THE TASK >> The answer must consist solely of the lines from the opening line of the entries through the line with "Модный метр, магазин", transcribed exactly and without any pictures.

..............................

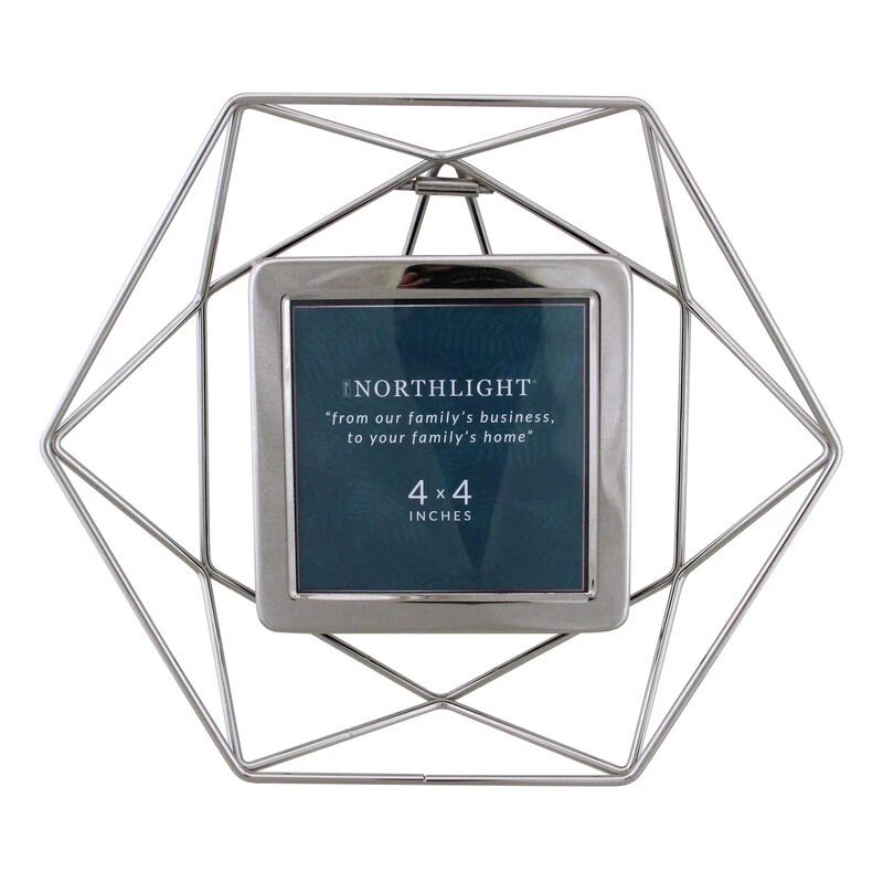 9.5″ Contemporary Hexagonal 4″ x 4″ Photo Picture Frame – Silver
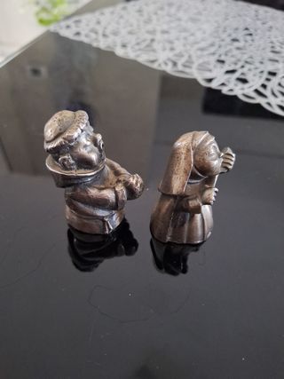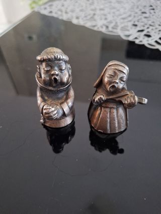 Due statuine vintage raffiguranti un monaco e una suora. - Materiale metallico. - Dettagli curati.
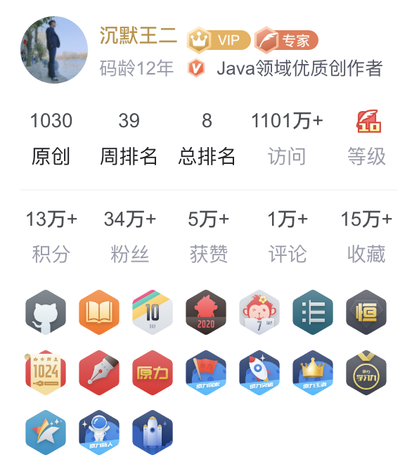 两届博客之星,总榜前 10 选手,访问量 1100 万+,粉丝 34 万+,妥妥的裆部博主,哦,不,头部博主。
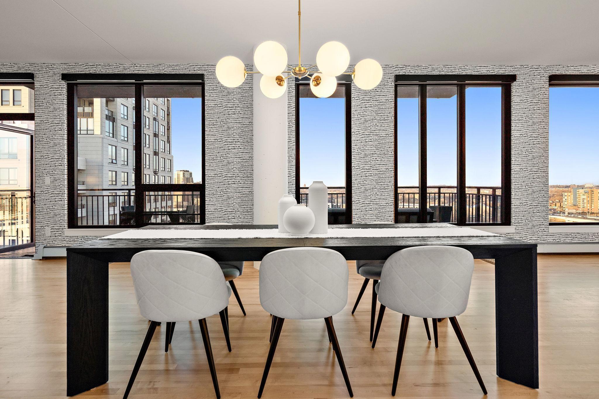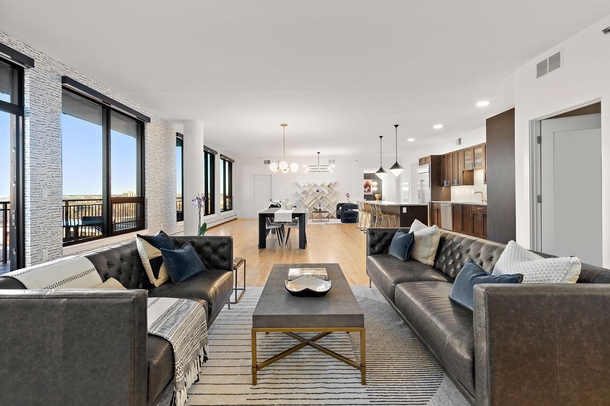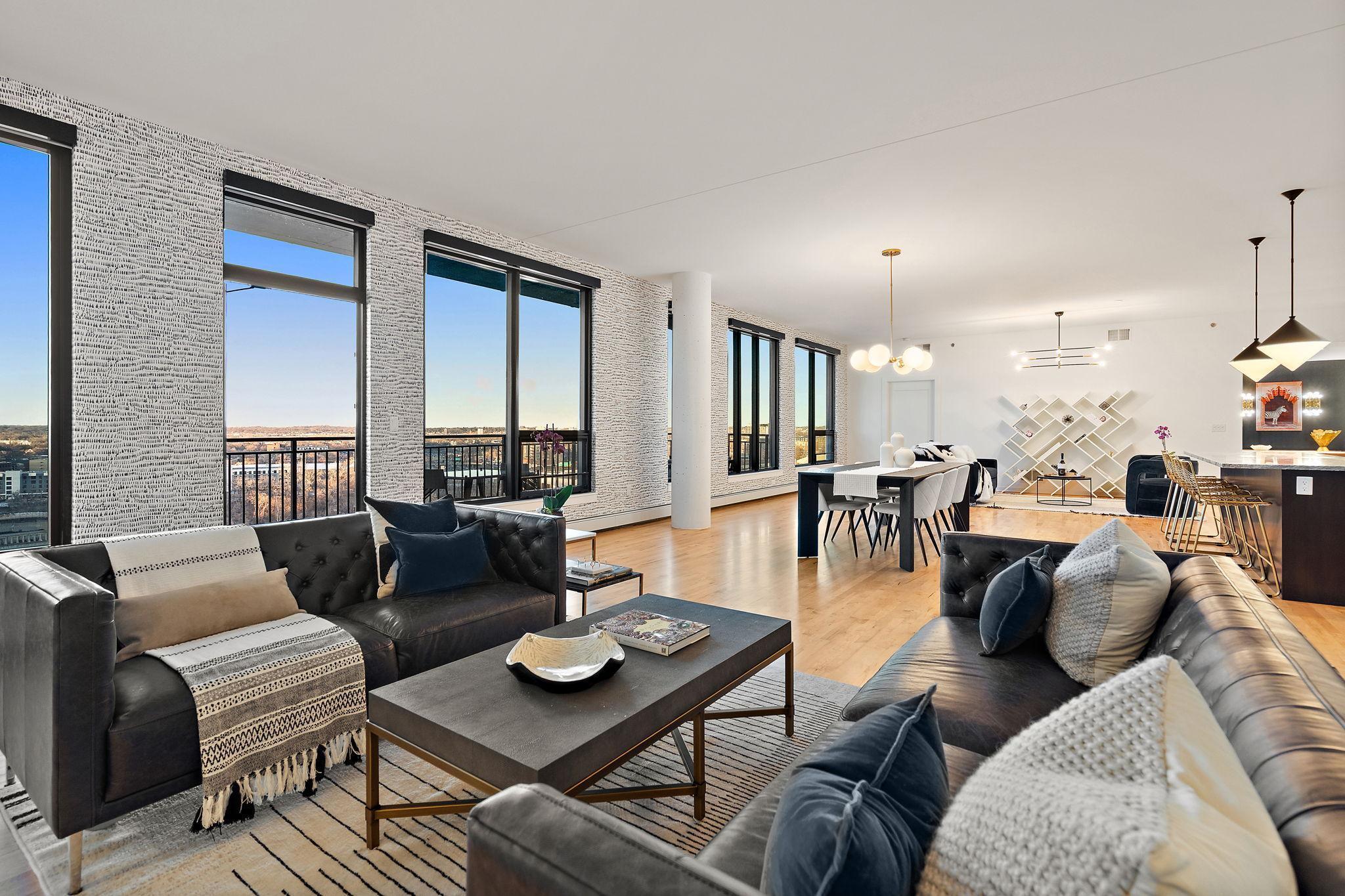 Experience truly elevated luxury in The Legacy residence, showcasing breathtaking panoramic views of the Minneapolis skyline, the Mississippi River, the iconic Stone Arch Bridge, and unforgettable sunsets over the Guthrie Theater! Enjoy stunning sunrises illuminating the 35W Bridge each morning off your expansive private balcony.
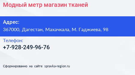 Модный метр, магазин тканей по адресу 367000, Дагестан, Махачкала, М. Гаджиева, 98 в дальнейшем Организация, размещена в следующих категориях:
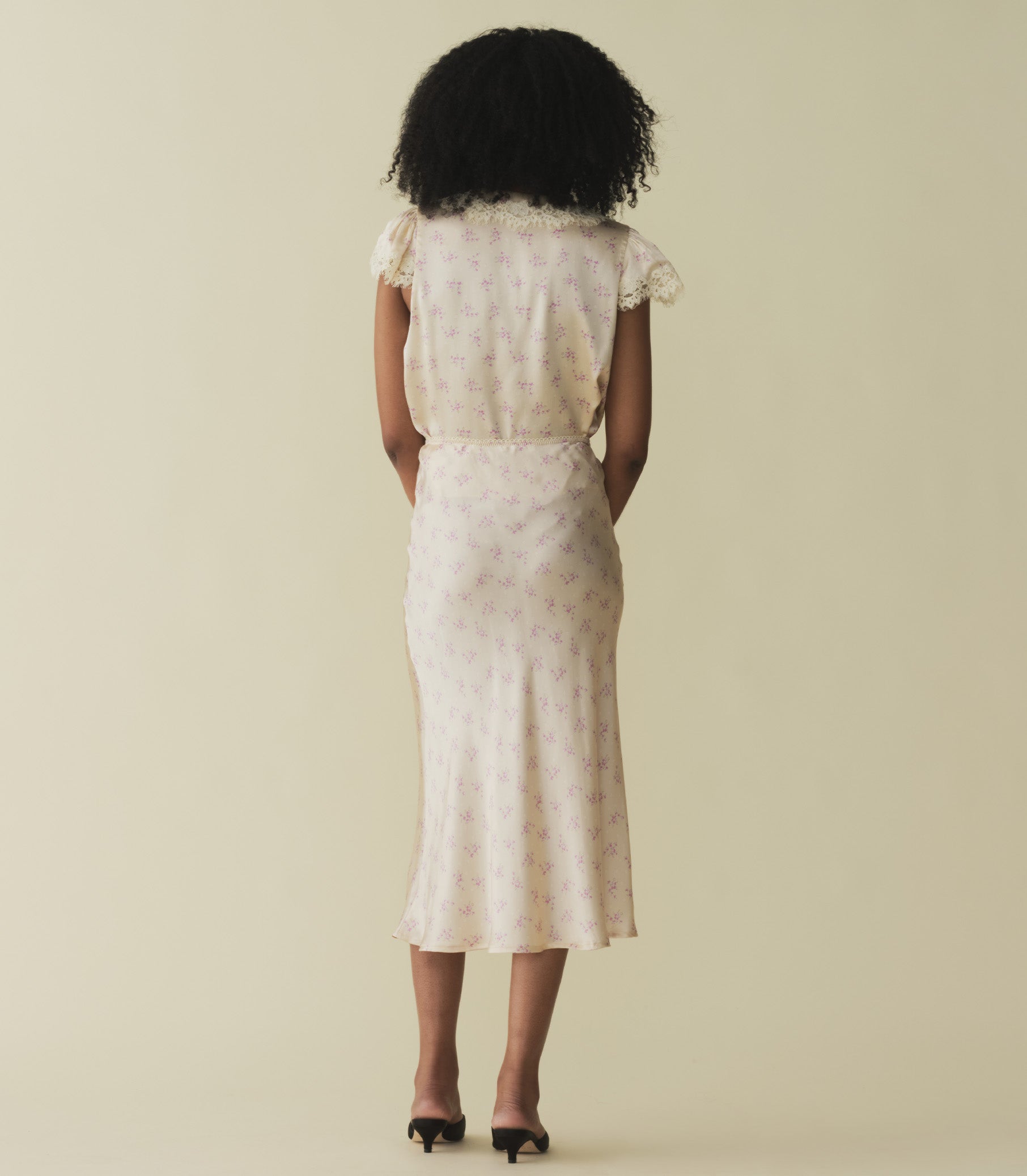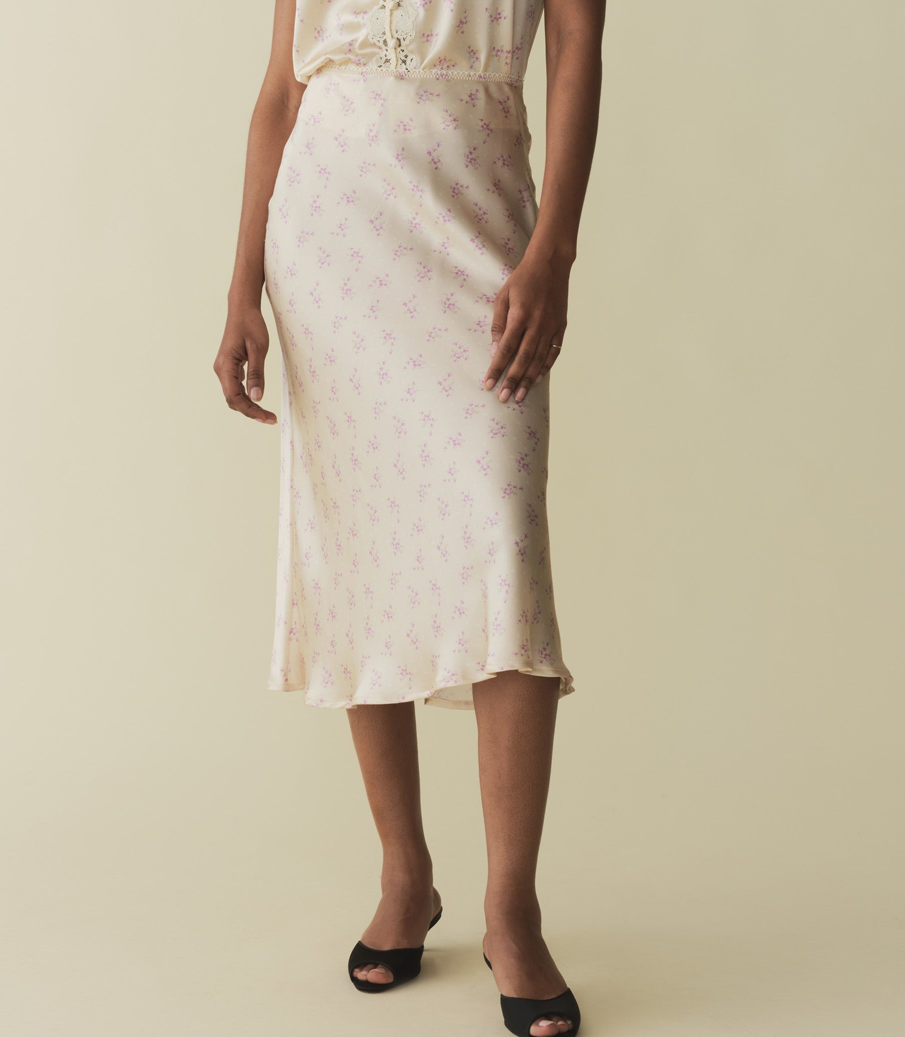 In a buttery silk satin, the Elowen Skirt is our take on a '90s-style slip skirt. Its high waist is trimmed in delicate scallop elastic, while a flowing, bias-cut skirt falls to mid-calf.
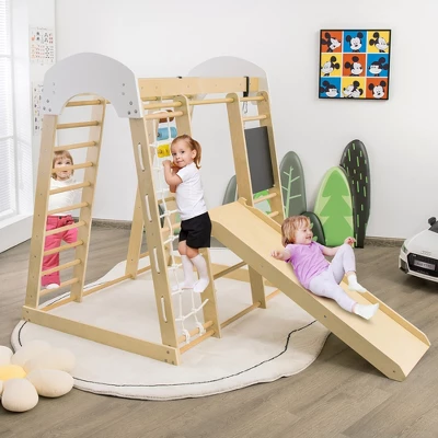- 8-in-1 Toddler Climbing Playset: Our indoor playground climbing gym includes slide, climbing rock, crawling ladder, climbing net, monkey bars, horizontal bar, drawing board, abacus game and swing, offering endless fun for children to play. In addition, both sides of the slide can be used according to your needs.
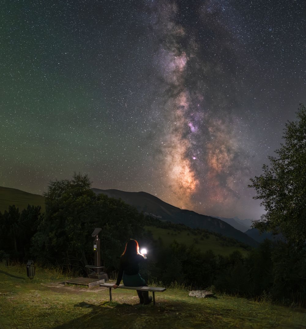 CONTEMPLATING THE STARRY SKY Telescope/Lens: Sigma 24mm f/1.4 Art DG HSM Camera: Canon R8 Mount: Штатив Software: Lightroom, Sequator, PTGui, StarNet2, Photoshop Arkhyz, Russia Sky: 10 x 8s, iso-6400, f2
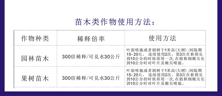 果樹苗木:蘋果、梨、桃、葡萄、柑橘、枇杷、荔枝、芒果、香蕉、臍橙、石榴、獼猴桃、杏、櫻桃、李子、棗、桃樹等等苗木生長過程中出現(xiàn)的死苗、爛苗、僵苗、生長速度慢或只長高度不長粗度等現(xiàn)象的解決方案。本方案中的產(chǎn)品苗木速長劑打破了樹體細(xì)胞分裂原始生長規(guī)律,激活細(xì)胞促使其快速擴(kuò)散分裂,并提高苗木對(duì)水肥的吸收和利用轉(zhuǎn)化能力,促使苗木健壯快速生長,使用后根系發(fā)達(dá),須根明顯增多,吸收能力加快,葉片翠綠,高度粗度比沒有使用本品的增加30%—50%(使用本品10天左右可以看到明顯效果)??s短苗木生長年限、周期、可使苗木提前嫁接提前出圃上市,大大提高了苗木的商品經(jīng)濟(jì)價(jià)值。

..............................

ANSWER SPACE >>
 9.5″ Contemporary Hexagonal 4″ x 4″ Photo Picture Frame – Silver
 Due statuine vintage raffiguranti un monaco e una suora. - Materiale metallico. - Dettagli curati.
 两届博客之星,总榜前 10 选手,访问量 1100 万+,粉丝 34 万+,妥妥的裆部博主,哦,不,头部博主。
 Experience truly elevated luxury in The Legacy residence, showcasing breathtaking panoramic views of the Minneapolis skyline, the Mississippi River, the iconic Stone Arch Bridge, and unforgettable sunsets over the Guthrie Theater! Enjoy stunning sunrises illuminating the 35W Bridge each morning off your expansive private balcony.
 Модный метр, магазин тканей по адресу 367000, Дагестан, Махачкала, М. Гаджиева, 98 в дальнейшем Организация, размещена в следующих категориях:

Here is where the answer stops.